_WORK ITEM_
Emit a verbatim copy of the lines below from the line with "Repressor interacts with" through the line with "Este o sală", excluding pictures and everything outside that range.

_ENTRIES PROVIDED_

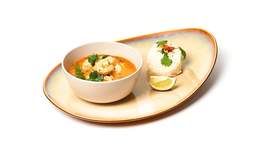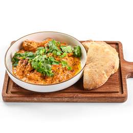 Куринные кусочки, соус том ям, сливки, молоко кокосовое, кинза, пита
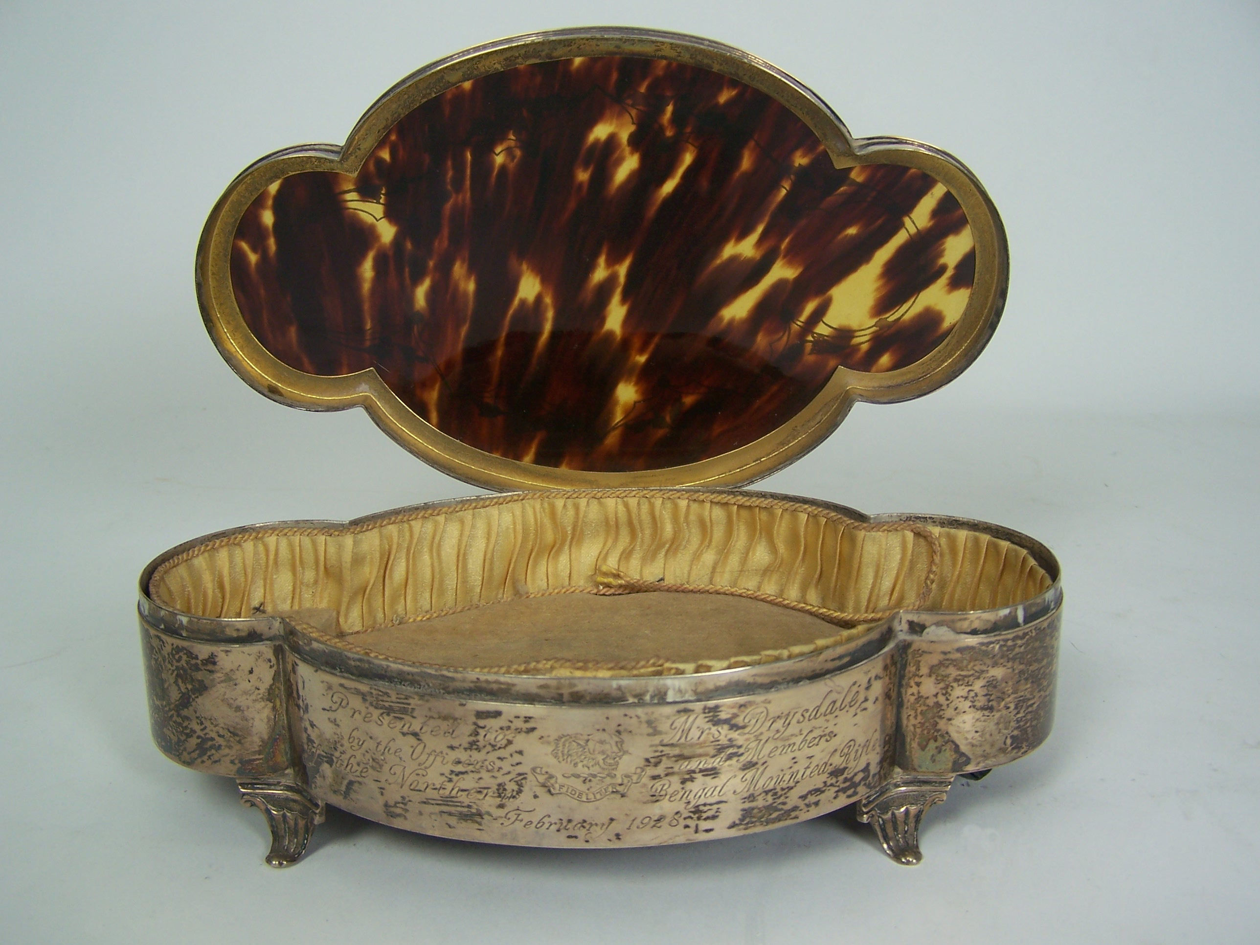 Adie Brother Birmingham 1922, retailed by 'Garrard of London and Calcutta', of quatro foil outline with simple straight sides, engraved with presentation inscription 'Presented to Mrs Drysdale by the Officers and members of the Northern Bengal Mounted Rifles February 1928' the hinged tortoiseshell cover with inlaid silver border of swags and foliate detail
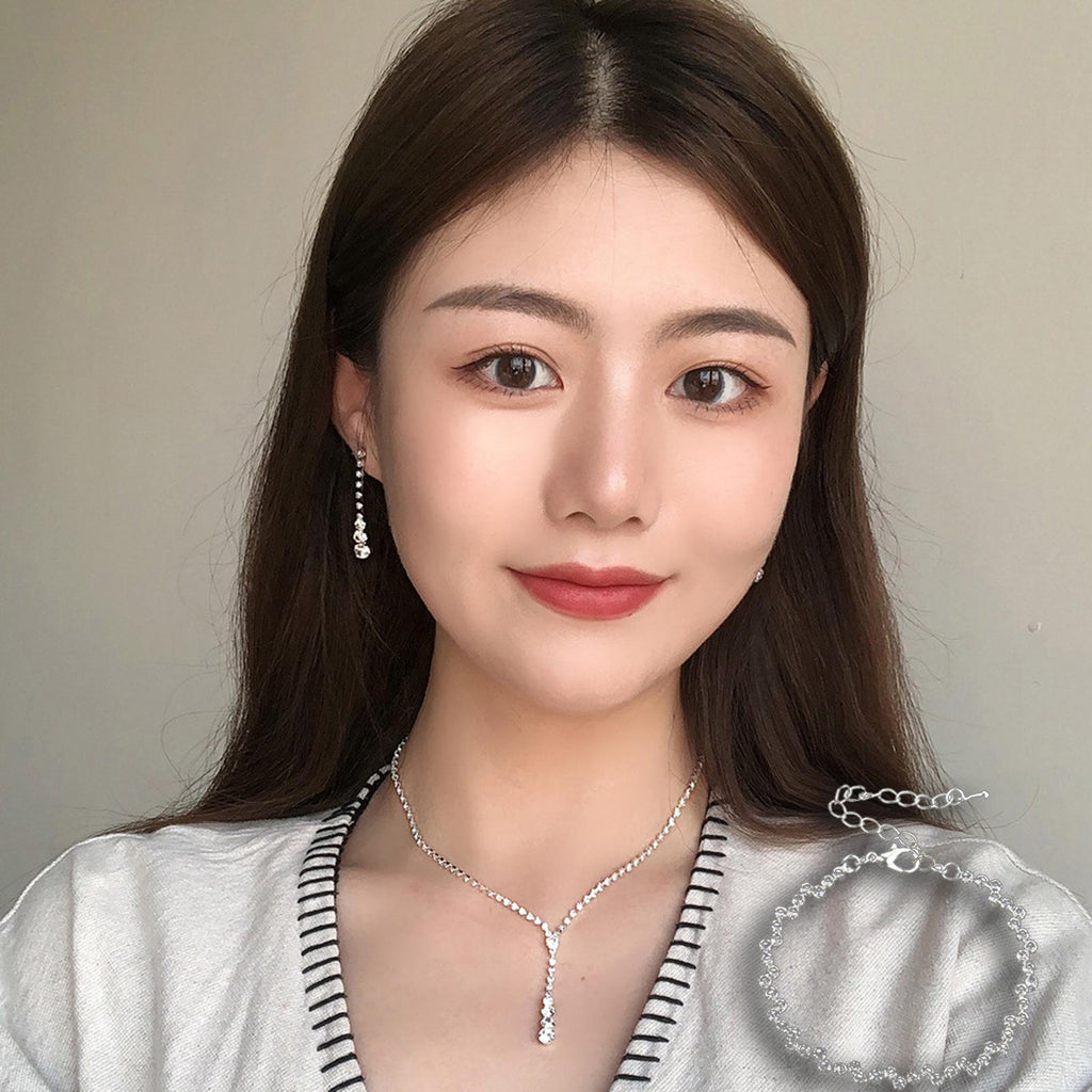 【Bridal jewelry sets】:Wedding bridal jewelry sets, Inlaid with rhinestones, sparkling and beautiful, create a romantic wedding touch.
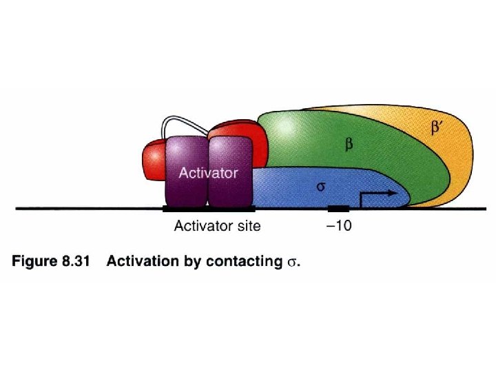 Repressor interacts with RNA polymerase : an autogenous regulation of c. I repressor PRM turn/loop between helix 2 and 3 Both O 1 and O 2 mutations lead to virulence containing acidic patch to interact w/ basic region of RNA polymerase via electrostatic interaction -ve feedback stabilization establishment O 3 O 2 O 1 Stabilize the RNA polymerase binding to PRM promoter site to facilitate c. I transcription (transition from closed complex to open complex) Protein-protein interaction can release energy that is used to help to initiate transcription
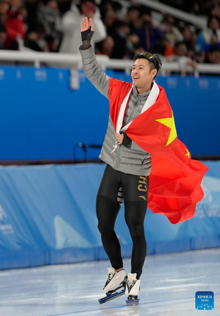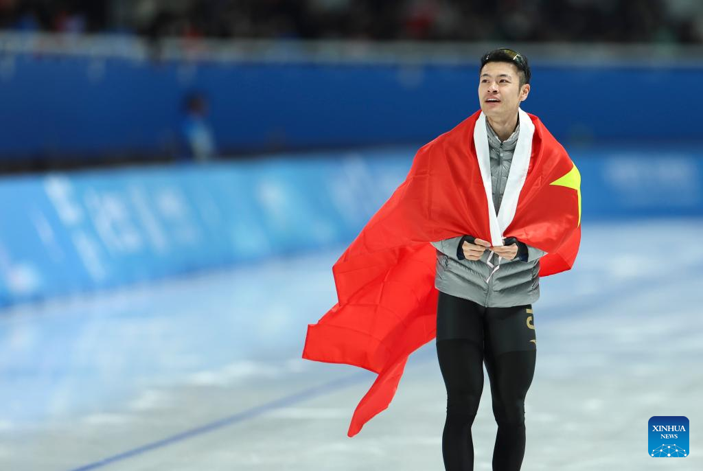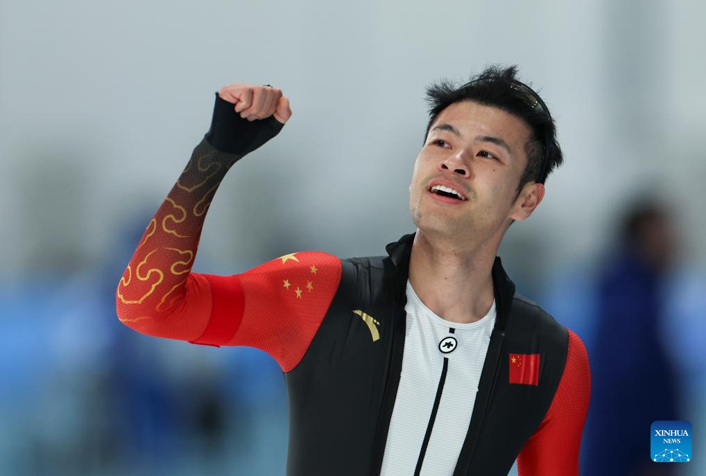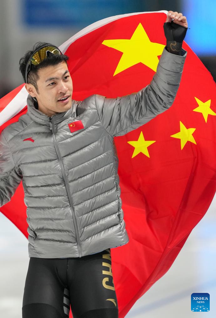 Ning Zhongyan of China celebrates after the men's 1500m final match of the speed skating event at the 9th Asian Winter Games in Harbin, northeast China's Heilongjiang Province, Feb. 8, 2025. (Xinhua/Wang Kaiyan)
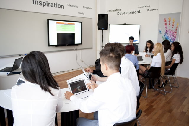 Este o sală de clasă digitală, dotată cu 31 de tablete Samsung Galaxy Note 10.1, un E-Board, un Smart TV și două laptop-uri.
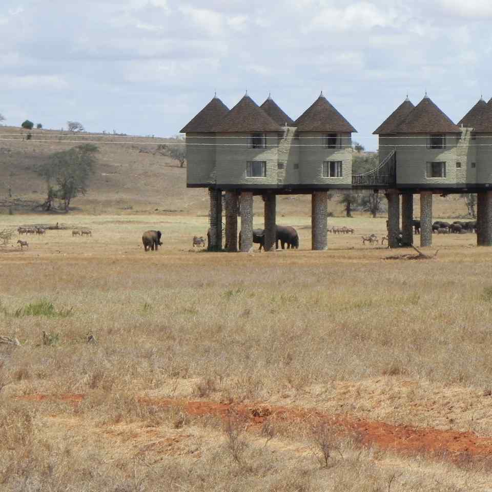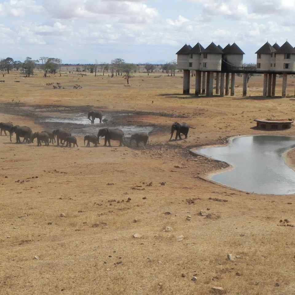 Man kann sich das etwa so vorstellen, das rustikale Zifferblatt einer Uhr, der große Zeiger steht auf zwölf Uhr, und der kleine etwa auf vier Uhr. An jedem Zeiger befinden sich Gruppen von Häusern, die auf etwa geschätzt 8 -10 Meter hohen Säulen stehen. Jede Gruppe besteht aus 4 Häusern. die doppelstöckig über eine Treppe verbunden sind, und die untereinander über einen Laufsteg erreichbar sind. Im Zentrum des Ganzen, also in der Nabe dieser Uhr befindet sich die Rezeption, der Speisesaal, eine Cafeteria und im obersten Stockwerk auch noch eine große Bar. Von diesem Zentrum aus sind die Zeiger, also die einzelnen Häusergruppen zu erreichen. Um das Ganze noch abzurunden, als wir hier ankommen, befinden sich bestimmt mehr als 30 Elefanten und auch Zebras hier in der Anlage. Der Erbauer dieses Hotels in der Afrikanischen Savanne hat direkt am Haus eine Wasserstelle geschaffen. So kann man in maximaler Entfernung von geschätzten 7 – 8 Metern die Elefanten beim Trinken beobachten. Als erstes bringen wir unser Reisegepäck in unseren Zimmern unter, das Zimmer ist kreisrund, so etwa 8 Meter im Durchmesser. Ein riesengroßes Bett mit einem Moskitonetz darüber, dahinter eine Wand wo sich das Badezimmer und die Toilette befinden. Ein eingebauter Kleiderschrank, zwei Sitzgelegenheiten und ein kleiner Sekretär. Und natürlich Fenster zum Öffnen, unter uns sind die Elefanten zu sehen die ganz nah vorbei zum Wasser gehen.
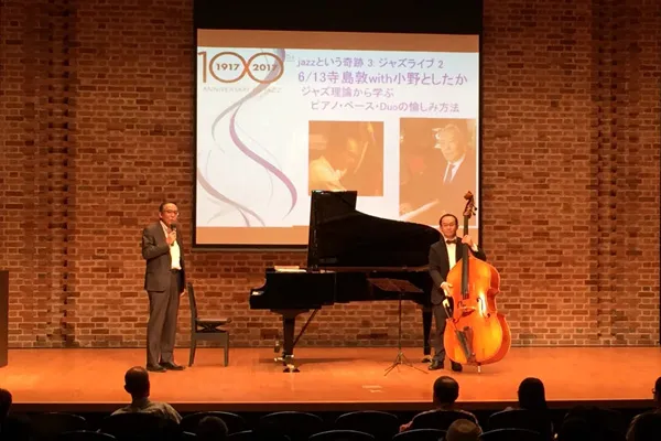 (於:西南クロスプラザホール)にて、演奏とジャズ理論の解説を行う寺島さん。
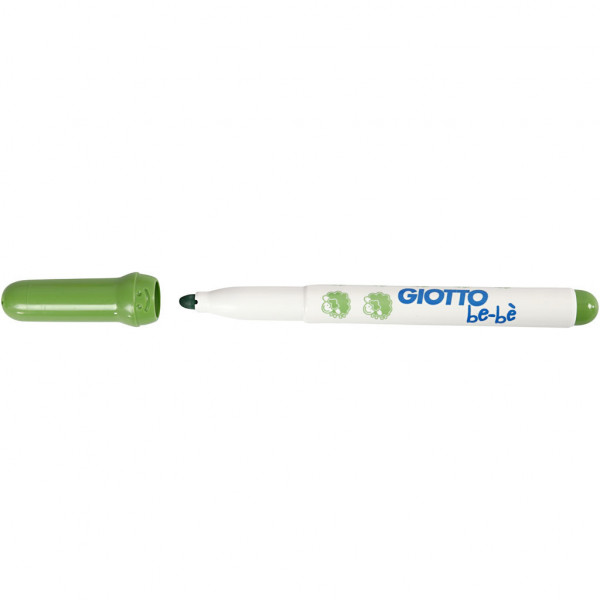 Child friendly, thick marker with a strong felt-tip from Giotto be-bè. To remove, wash with lukewarm water.

_ANSWER TO THIS TASK_
 Repressor interacts with RNA polymerase : an autogenous regulation of c. I repressor PRM turn/loop between helix 2 and 3 Both O 1 and O 2 mutations lead to virulence containing acidic patch to interact w/ basic region of RNA polymerase via electrostatic interaction -ve feedback stabilization establishment O 3 O 2 O 1 Stabilize the RNA polymerase binding to PRM promoter site to facilitate c. I transcription (transition from closed complex to open complex) Protein-protein interaction can release energy that is used to help to initiate transcription
 Ning Zhongyan of China celebrates after the men's 1500m final match of the speed skating event at the 9th Asian Winter Games in Harbin, northeast China's Heilongjiang Province, Feb. 8, 2025. (Xinhua/Wang Kaiyan)
 Este o sală de clasă digitală, dotată cu 31 de tablete Samsung Galaxy Note 10.1, un E-Board, un Smart TV și două laptop-uri.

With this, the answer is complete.